Nagios and things part 2

So I got to work this morning (with a fresh mind) and after a bit of googling figured out my problem in 30 minutes. Basically it boiled down to adding a reference to ORACLE_HOME in the bash script itself, and the full path of SQLPlus. After that, things ran fine even with changing the permissions of the scripts and related files back to normal and running Nagios with the Nagios user.

One of the 'nice to haves' for this little monitoring things I'm working on in Nagios is graphing capability - so we can see trends of the performance data at a glance. Just before I left today, I discovered that Nagios might install with this capability commented out.
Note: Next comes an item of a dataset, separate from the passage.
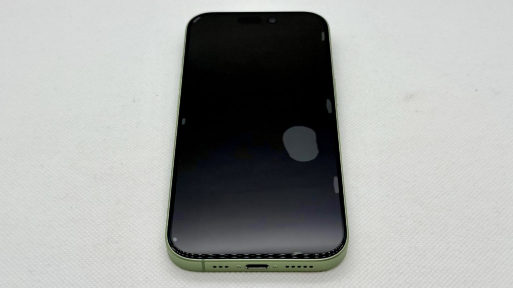 画像では分かりづらいですが、iPhoneのベゼル際0.5mmあたりの位置で上下左右全くズレなく貼ることができていて、几帳面な僕が見ても素晴らしい出来だと思います。

I let you know for sure in my next post.

While I was working on solving the graphing problem a different way, I got focused on some graphing addins for Nagios that required perl modules I didn't have. I learned that cspan is basically like 'yum' for perl. Didn't know what it was before today. In fact, I haven't had any exposure to perl before this project. It's all good - learning new stuff every day.

I also learned a big way to correct my golf swing today. I need to grip hard with my left hand and the right hand is just for support. I was driving much better and more consistently after I made that adjustment.

Wednesday, August 29, 2007

Nagios and things

I've done a couple of installations of Nagios now, and I quite like as a monitoring tool. Today I was working on coding a custom plug-in so we could keep an eye on a particular KPI. This involved running something of a complex query in Oracle and then sending the results to Nagios.
Writing the shell script wasn't difficult. The Nagios plug-in developer documentation was clear enough for me to follow. It took me a few minutes to figure out how to return the codes that Nagios is looking for - 'exit 1, or exit 2, etc'. However, to try and get Nagios to automatically run SQLPlus is a totally bear. I'm going to sleep on it tonite. I've tried changing perms on all the files, even tried changing the ownership to oracle and setting the SUID - no dice. Tried running Nagios as root (not recommended, but I had to try), and set all the Oracle environment variables in the .bash_profile for all the users I could think of that might possibly be running that code. I tried doing a su -c 'call my script here' oracle, and that didn't work either.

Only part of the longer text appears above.